→ **Task objective**:
Search the records for the word "Track". Copy every line where it appears.

+-------+

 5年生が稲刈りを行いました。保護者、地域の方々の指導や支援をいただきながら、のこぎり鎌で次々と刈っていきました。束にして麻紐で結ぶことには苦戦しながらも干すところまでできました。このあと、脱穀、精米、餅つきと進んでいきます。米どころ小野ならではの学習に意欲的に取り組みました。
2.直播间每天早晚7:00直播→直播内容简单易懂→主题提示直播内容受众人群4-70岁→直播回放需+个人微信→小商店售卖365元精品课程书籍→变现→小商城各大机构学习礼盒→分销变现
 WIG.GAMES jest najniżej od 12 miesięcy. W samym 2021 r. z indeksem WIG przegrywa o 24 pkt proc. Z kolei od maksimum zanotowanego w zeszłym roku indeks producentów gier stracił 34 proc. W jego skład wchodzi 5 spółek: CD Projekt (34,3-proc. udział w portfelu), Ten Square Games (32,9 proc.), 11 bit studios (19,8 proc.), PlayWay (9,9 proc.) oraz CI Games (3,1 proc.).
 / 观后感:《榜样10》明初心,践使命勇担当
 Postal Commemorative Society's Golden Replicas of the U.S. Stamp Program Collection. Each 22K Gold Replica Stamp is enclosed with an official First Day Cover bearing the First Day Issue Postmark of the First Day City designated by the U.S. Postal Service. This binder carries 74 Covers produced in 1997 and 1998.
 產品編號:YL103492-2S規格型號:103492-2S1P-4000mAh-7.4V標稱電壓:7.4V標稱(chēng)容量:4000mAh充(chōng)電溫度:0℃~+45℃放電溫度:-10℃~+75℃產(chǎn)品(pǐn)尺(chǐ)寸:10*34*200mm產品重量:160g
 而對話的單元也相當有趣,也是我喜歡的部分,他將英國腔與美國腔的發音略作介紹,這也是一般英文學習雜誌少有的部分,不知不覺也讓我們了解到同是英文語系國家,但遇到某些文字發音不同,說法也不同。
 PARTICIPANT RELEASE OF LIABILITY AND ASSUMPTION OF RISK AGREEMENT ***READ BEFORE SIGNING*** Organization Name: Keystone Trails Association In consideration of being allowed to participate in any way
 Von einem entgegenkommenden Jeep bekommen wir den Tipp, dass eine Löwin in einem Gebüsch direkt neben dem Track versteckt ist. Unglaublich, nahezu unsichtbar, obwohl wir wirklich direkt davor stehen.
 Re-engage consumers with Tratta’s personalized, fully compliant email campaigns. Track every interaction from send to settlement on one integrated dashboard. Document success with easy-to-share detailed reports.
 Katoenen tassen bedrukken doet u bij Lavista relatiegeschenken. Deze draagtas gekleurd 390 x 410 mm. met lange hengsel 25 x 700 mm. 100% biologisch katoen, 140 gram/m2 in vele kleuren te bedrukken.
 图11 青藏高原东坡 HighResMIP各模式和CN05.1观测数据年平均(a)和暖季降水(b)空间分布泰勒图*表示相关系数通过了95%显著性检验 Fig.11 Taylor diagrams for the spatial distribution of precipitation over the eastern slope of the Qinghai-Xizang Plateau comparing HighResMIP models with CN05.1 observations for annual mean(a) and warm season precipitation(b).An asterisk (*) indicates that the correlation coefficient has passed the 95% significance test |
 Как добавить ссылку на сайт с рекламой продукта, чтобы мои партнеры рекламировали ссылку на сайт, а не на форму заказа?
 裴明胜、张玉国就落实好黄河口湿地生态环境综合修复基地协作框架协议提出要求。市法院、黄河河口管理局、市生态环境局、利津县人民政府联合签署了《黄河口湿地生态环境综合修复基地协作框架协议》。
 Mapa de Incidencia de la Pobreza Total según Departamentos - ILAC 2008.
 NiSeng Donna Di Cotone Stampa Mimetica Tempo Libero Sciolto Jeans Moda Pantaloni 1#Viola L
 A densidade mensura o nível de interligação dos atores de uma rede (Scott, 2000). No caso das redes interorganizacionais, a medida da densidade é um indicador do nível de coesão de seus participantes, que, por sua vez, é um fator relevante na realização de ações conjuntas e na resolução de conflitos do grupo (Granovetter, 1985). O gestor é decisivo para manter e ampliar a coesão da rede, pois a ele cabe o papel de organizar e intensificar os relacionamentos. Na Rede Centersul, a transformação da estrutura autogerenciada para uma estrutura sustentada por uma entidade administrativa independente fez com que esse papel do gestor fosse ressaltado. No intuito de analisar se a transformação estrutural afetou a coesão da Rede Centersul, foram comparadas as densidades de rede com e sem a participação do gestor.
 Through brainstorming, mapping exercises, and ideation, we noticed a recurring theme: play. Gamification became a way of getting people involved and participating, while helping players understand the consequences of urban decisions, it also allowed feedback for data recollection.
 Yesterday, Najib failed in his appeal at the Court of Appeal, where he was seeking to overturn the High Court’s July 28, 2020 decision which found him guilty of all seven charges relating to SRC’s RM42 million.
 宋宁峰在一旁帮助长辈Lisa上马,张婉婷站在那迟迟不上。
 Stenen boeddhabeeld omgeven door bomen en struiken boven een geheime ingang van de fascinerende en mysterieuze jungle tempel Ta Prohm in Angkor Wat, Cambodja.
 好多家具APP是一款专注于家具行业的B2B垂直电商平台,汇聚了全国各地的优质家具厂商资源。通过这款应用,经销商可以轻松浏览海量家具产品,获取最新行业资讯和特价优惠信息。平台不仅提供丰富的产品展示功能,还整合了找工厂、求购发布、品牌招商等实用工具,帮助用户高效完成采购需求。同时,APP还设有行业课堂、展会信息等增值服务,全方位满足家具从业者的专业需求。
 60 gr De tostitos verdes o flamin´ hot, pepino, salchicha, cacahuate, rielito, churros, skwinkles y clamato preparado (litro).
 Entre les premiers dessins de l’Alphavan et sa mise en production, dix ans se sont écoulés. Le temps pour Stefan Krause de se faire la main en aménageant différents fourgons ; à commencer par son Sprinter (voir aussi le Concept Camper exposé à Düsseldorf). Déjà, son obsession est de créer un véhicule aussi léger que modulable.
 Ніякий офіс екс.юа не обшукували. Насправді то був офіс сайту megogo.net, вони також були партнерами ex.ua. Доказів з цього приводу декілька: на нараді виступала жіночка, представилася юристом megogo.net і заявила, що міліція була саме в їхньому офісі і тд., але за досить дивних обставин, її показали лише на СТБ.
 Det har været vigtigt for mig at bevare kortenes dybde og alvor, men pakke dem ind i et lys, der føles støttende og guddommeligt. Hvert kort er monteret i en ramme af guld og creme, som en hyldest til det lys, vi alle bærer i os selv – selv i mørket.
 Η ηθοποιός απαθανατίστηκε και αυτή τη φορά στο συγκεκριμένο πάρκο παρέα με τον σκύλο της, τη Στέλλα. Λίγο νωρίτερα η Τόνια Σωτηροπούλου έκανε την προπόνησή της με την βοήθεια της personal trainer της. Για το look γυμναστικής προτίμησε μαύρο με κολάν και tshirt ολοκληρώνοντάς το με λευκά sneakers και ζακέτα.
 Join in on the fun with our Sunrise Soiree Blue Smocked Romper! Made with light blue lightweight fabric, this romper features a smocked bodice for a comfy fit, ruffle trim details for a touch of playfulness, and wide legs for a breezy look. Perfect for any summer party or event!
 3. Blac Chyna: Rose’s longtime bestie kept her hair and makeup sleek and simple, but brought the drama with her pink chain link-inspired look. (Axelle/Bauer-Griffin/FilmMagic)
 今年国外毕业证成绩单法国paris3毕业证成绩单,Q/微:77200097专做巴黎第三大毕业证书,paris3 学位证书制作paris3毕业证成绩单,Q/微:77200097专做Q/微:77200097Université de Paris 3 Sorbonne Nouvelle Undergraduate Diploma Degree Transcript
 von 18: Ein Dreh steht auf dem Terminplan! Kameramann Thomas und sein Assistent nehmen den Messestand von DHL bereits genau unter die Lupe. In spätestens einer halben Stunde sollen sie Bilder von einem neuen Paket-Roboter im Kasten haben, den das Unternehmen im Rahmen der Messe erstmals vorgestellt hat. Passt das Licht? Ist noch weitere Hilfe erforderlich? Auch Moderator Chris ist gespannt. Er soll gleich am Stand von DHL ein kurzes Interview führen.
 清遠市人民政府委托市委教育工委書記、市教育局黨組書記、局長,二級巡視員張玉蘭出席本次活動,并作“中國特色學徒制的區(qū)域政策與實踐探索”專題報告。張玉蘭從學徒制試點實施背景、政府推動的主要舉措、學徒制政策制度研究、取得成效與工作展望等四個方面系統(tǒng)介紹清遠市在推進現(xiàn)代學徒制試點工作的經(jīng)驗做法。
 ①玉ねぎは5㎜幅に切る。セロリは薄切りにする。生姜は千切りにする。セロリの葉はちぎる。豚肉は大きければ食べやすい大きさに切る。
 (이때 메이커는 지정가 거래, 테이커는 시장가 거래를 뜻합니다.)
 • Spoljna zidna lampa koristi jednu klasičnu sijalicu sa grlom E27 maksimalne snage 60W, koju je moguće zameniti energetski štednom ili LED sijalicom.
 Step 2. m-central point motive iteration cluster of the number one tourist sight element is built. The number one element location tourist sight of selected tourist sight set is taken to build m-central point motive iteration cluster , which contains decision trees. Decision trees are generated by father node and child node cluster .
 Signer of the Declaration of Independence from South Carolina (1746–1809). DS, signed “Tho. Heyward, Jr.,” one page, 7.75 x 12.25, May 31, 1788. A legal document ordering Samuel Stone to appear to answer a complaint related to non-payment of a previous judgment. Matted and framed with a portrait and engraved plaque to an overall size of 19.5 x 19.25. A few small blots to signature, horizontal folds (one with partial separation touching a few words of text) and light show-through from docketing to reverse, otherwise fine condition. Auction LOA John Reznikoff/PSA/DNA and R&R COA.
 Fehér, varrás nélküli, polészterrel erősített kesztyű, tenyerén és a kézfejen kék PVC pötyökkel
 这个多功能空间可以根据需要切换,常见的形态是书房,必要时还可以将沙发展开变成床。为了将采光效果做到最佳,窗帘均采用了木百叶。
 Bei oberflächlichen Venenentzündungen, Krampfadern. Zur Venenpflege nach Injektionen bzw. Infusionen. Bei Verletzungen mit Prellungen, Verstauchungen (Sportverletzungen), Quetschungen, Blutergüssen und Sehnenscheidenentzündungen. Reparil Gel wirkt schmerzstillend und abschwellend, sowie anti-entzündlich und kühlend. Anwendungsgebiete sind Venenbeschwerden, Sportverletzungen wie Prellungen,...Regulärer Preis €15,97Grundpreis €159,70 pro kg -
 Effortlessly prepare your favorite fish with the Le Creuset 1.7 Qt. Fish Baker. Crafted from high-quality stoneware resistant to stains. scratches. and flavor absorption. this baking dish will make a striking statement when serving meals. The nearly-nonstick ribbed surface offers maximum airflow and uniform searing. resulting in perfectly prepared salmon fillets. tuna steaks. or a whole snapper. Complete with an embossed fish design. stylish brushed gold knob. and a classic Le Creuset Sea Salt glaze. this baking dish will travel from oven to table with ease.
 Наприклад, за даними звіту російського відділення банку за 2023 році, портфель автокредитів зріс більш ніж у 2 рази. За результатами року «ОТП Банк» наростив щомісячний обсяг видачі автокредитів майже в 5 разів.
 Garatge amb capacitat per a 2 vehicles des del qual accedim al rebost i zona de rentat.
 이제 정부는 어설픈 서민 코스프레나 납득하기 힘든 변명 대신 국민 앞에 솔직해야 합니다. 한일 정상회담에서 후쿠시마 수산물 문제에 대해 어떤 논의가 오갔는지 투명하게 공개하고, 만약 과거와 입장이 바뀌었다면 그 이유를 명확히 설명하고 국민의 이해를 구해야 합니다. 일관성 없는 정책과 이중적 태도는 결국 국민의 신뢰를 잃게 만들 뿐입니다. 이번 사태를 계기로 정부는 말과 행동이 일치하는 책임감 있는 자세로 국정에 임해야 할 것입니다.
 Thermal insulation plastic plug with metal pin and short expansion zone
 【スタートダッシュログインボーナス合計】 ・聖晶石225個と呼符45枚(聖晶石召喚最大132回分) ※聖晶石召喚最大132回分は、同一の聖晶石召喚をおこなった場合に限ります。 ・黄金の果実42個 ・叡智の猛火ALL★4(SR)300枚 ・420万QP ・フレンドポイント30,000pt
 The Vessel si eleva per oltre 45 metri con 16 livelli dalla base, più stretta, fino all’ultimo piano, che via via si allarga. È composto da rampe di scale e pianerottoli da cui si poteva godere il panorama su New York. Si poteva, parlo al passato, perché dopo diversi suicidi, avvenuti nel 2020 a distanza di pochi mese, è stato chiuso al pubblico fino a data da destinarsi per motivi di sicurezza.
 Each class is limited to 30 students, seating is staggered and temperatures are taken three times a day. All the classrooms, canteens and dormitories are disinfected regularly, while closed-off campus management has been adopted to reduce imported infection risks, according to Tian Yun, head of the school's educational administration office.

+-------+

→ **Reply to the exercise**:
 Von einem entgegenkommenden Jeep bekommen wir den Tipp, dass eine Löwin in einem Gebüsch direkt neben dem Track versteckt ist. Unglaublich, nahezu unsichtbar, obwohl wir wirklich direkt davor stehen.
 Re-engage consumers with Tratta’s personalized, fully compliant email campaigns. Track every interaction from send to settlement on one integrated dashboard. Document success with easy-to-share detailed reports.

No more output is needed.